Hexaware uses AI to defend banks against sophisticated cyber threats

Financial institutions are confronting a rapidly evolving threat landscape where malicious actors increasingly leverage artificial intelligence to execute sophisticated cyberattacks. These AI-powered threats are designed to bypass traditional security measures, creating significant risks of financial loss, data breaches, and reputational damage. To counter these advanced methods, technology firms are developing equally sophisticated AI-driven defense systems designed to protect the core functions of banking.

In response to this escalating battle, companies like Hexaware Technologies are positioning themselves as crucial partners for banks, particularly for mid-market clients seeking to modernize their defenses. By adopting an “AI-first” approach, Hexaware aims to provide a more dynamic and predictive security framework. This strategy moves beyond static, rule-based systems to a model that learns and adapts to new threats in real time. One of the core components of this approach is a “Trust Framework” that monitors behavioral patterns to identify and neutralize unusual activity before it can cause harm.

The Evolving Threat Landscape

The nature of cyber threats against the financial sector has shifted dramatically with the advent of accessible AI. Attackers now use AI to enhance every stage of an attack, from identifying vulnerabilities to exfiltrating data. Phishing schemes, for instance, are no longer characterized by obvious errors; generative AI can create highly convincing, personalized emails, websites, and even deepfake audio to impersonate customers or bank employees, making social engineering attacks more successful. This allows malicious actors to manipulate automated fraud reporting systems and adapt their attack methods in real time to evade detection.

Beyond fraud, adversaries are using “adversarial AI” to directly attack the machine learning models that banks themselves use for defense. These techniques include “poisoning attacks,” where falsified data is injected into a model’s training set to compromise its accuracy, and “evasion attacks,” which make subtle changes to input data to trick a system into making an incorrect prediction, such as approving a fraudulent transaction. These methods represent a significant escalation, turning a bank’s own technological strengths into potential vulnerabilities and threatening the integrity of everything from credit scoring to transaction monitoring.
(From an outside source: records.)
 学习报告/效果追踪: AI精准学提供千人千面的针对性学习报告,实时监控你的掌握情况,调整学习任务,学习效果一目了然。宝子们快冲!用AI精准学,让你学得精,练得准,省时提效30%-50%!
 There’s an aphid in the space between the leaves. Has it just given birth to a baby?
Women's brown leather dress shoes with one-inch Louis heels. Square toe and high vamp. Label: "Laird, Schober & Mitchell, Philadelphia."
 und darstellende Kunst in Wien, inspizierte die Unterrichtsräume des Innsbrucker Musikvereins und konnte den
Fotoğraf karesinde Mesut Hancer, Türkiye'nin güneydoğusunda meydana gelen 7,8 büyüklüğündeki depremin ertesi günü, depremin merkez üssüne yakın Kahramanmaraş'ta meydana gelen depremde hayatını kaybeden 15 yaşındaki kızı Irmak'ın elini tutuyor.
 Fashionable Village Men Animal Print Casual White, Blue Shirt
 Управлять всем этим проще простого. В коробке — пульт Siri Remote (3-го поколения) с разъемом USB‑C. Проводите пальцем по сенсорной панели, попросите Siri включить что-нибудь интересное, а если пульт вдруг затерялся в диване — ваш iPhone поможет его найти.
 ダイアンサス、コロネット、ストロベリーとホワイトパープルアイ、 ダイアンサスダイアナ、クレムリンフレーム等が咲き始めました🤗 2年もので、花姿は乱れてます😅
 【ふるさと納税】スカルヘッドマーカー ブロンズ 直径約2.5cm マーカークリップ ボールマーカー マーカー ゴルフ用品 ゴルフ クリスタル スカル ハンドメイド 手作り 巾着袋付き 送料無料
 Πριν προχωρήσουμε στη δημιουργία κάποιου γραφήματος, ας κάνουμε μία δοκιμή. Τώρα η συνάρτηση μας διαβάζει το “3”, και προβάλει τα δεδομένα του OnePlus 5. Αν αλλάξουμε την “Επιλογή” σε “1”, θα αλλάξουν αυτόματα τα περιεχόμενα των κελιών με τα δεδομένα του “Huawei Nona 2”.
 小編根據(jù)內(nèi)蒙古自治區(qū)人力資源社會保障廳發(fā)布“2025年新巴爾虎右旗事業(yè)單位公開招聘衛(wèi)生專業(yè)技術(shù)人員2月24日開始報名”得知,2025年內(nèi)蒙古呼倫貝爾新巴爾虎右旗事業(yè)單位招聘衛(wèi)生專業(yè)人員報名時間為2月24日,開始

An AI-First Defensive Strategy

To combat AI-driven attacks, financial institutions are shifting from traditional, reactive cybersecurity measures to a proactive, AI-first strategy. This approach leverages machine learning and behavioral analytics to anticipate and identify threats before they can execute. Unlike legacy systems that rely on known threat signatures and predefined rules, AI-powered defenses can detect novel and zero-day exploits by focusing on anomalous behavior rather than specific attack methods. This allows security systems to learn from every data interaction, continuously improving their ability to distinguish between legitimate and malicious activities.

As noted by Ravishankar Subramanian, Executive Vice President & Global Head of Banking Solutions at Hexaware, the power of AI is being used to “hack into banks’ networks, impersonate people and also impersonate transactions.” The defense, therefore, must be equally intelligent and adaptive. An AI-first model integrates security into the entire banking infrastructure, using predictive analytics to identify potential risks and automate responses, thereby reducing the reliance on manual intervention and minimizing the window of opportunity for attackers.
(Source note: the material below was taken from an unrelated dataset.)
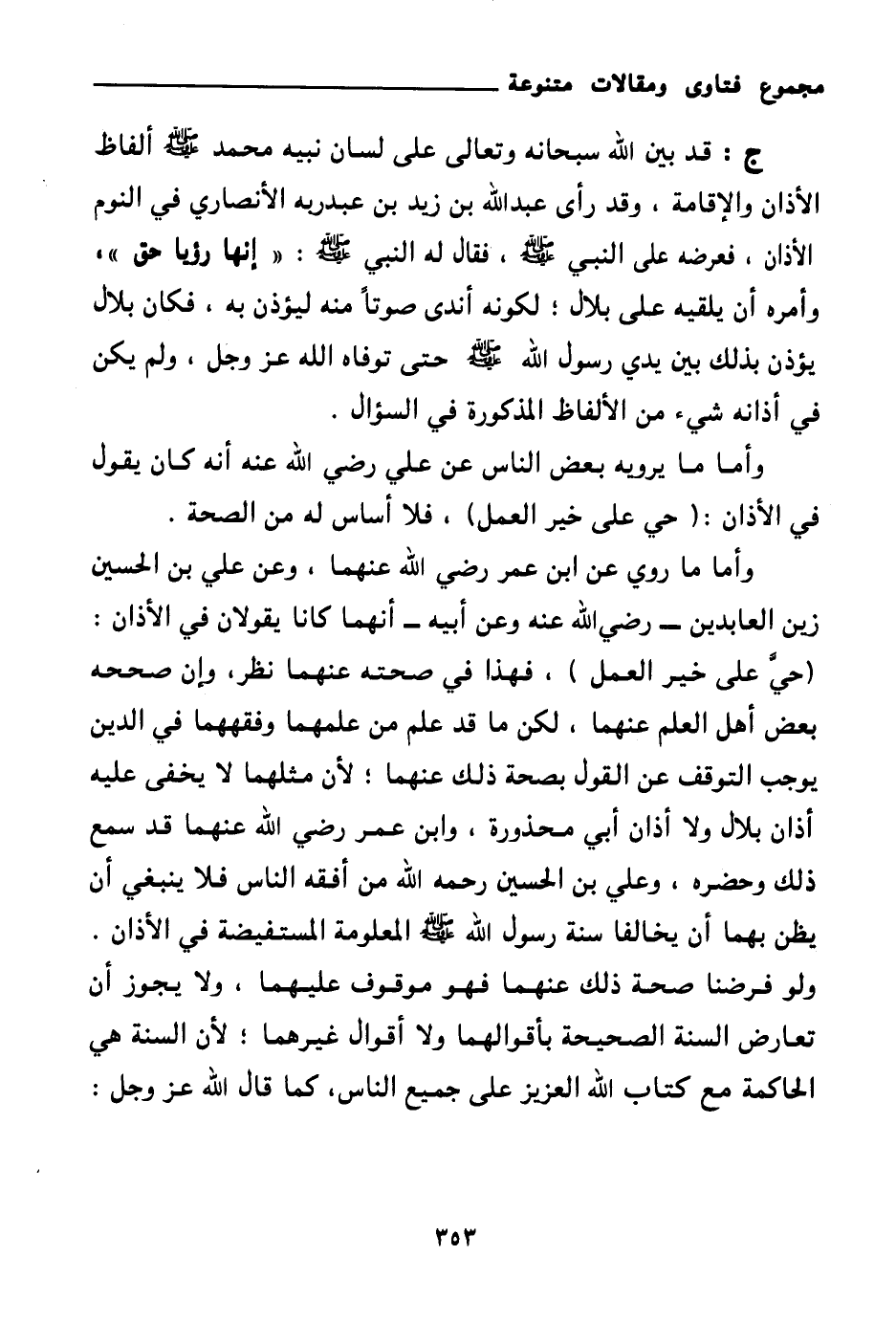 وأما ما يرويه بعض الناس عن علي رضي الله عنه أنه كان يقول في الأذان: (حي على خير العمل) ، فلا أساس له من الصحة. وأما ما روي عن ابن عمر رضي الله عنهما، وعن علي بن الحسين زين العابدين - رضي الله عنه وعن أبيه- أنهما كانا يقولان في الأذان: (حي على خير العمل) ، فهذا في صحته عنهما نظر، وإن صححه بعض أهل العلم عنهما، لكن ما قد علم من علمهما وفقههما في الدين يوجب التوقف عن القول بصحة ذلك عنهما؛ لأن مثلهما لا يخفي عليه أذان بلال ولا أذان أبي محذورة، وابن عمر رضي الله عنهما قد سمع ذلك وحضره، وعلي بن الحسين رحمه الله من أفقه الناس فلا ينبغي أن يظن بهما أن يخالفا سنة رسول الله صلى الله عليه وسلم المعلومة المستفيضة في الأذان.

Behavioral Analytics as a Digital Fingerprint

A cornerstone of modern AI defense is behavioral analytics, which creates a dynamic profile for each user and entity interacting with a bank’s network. By collecting and analyzing vast amounts of data—such as login times and locations, transaction sizes, typing cadence, and even how a user navigates an app—AI systems establish a unique baseline of normal activity. This baseline acts as a digital fingerprint, offering a powerful layer of continuous authentication.

Establishing Baselines

The process begins by using unsupervised machine learning to analyze historical data without predefined labels, allowing the system to naturally discover patterns and relationships unique to each user. This includes typical working hours, devices used, and the types of data accessed. For example, the system learns that a corporate client typically initiates wire transfers of a certain size to specific vendors during business hours from a recognized IP address.

Detecting Anomalies

Once a baseline is established, the AI monitors for deviations in real time. An alert might be triggered if a user logs in from an unusual location at an odd hour, attempts to access sensitive files unrelated to their role, or makes frequent transfers to a new account. These anomalies are flagged for further investigation, allowing security teams to intervene before a fraudulent transaction is completed or data is exfiltrated. This approach is particularly effective against insider threats and account takeovers where the attacker has legitimate credentials.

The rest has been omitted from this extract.